### Dataset records

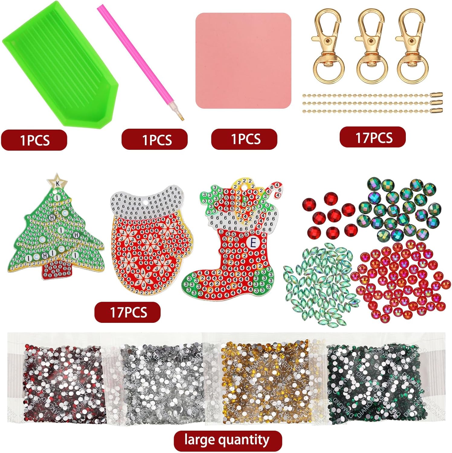 - Christmas pendant kit: comes with 17 pieces of Christmas art craft key chains in various styles, which are nice presents to your family, friends, colleagues for Christmas, birthday, New Year and so on
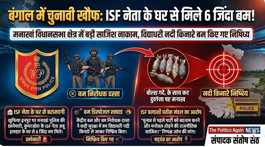 बंगाल में चुनावी खौफ: मिनाखां में ISF नेता के घर से 6 जिंदा बम बरामद, बड़ी साजिश नाकाम “
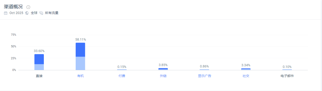 根据similarweb数据显示,Component Hardware官网的流量主要来自于自然搜索(58.11%)、直接访问流量(33.6%)、外链(3.85%)。
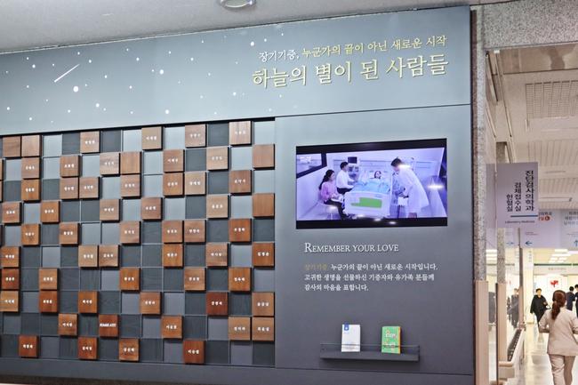 인하대병원 본관 2층에 위치한 장기이식 기증자 추모현판
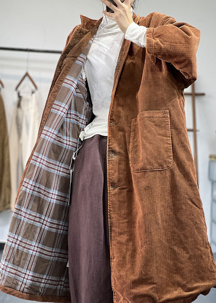 Beautiful Yellow Oversized Pockets Cotton Filled Corduroy Trench Winter
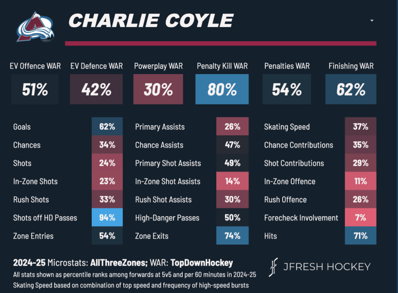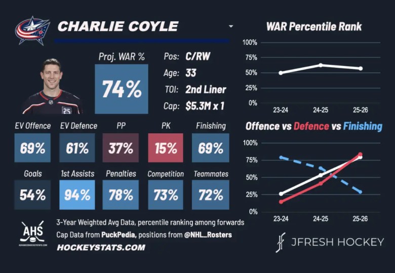 Up until 2024–2025, Coyle was an elite 3C and a good 2C during his time with Minnesota and the Boston Bruins. A very bad season for him and Boston in 2024 resulted him being sent to Colorado and then flipped to Columbus in the offseason after having one goal in seven games against the Dallas Stars.
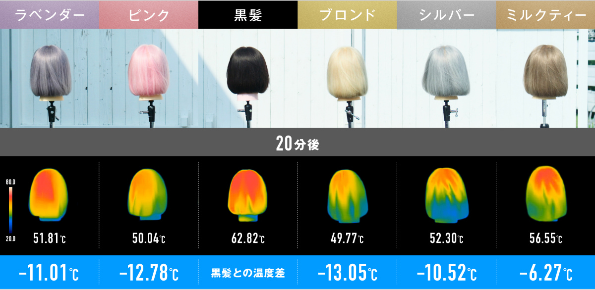 got2bの検証では、黒髪はハイトーンカラーよりも熱がこもりやすく、髪の表面温度が最大13.05℃高い*

######

Output the listing above exactly, pictures omitted.

 - Christmas pendant kit: comes with 17 pieces of Christmas art craft key chains in various styles, which are nice presents to your family, friends, colleagues for Christmas, birthday, New Year and so on
 बंगाल में चुनावी खौफ: मिनाखां में ISF नेता के घर से 6 जिंदा बम बरामद, बड़ी साजिश नाकाम “
 根据similarweb数据显示,Component Hardware官网的流量主要来自于自然搜索(58.11%)、直接访问流量(33.6%)、外链(3.85%)。
 인하대병원 본관 2층에 위치한 장기이식 기증자 추모현판
 Beautiful Yellow Oversized Pockets Cotton Filled Corduroy Trench Winter
 Up until 2024–2025, Coyle was an elite 3C and a good 2C during his time with Minnesota and the Boston Bruins. A very bad season for him and Boston in 2024 resulted him being sent to Colorado and then flipped to Columbus in the offseason after having one goal in seven games against the Dallas Stars.
 got2bの検証では、黒髪はハイトーンカラーよりも熱がこもりやすく、髪の表面温度が最大13.05℃高い*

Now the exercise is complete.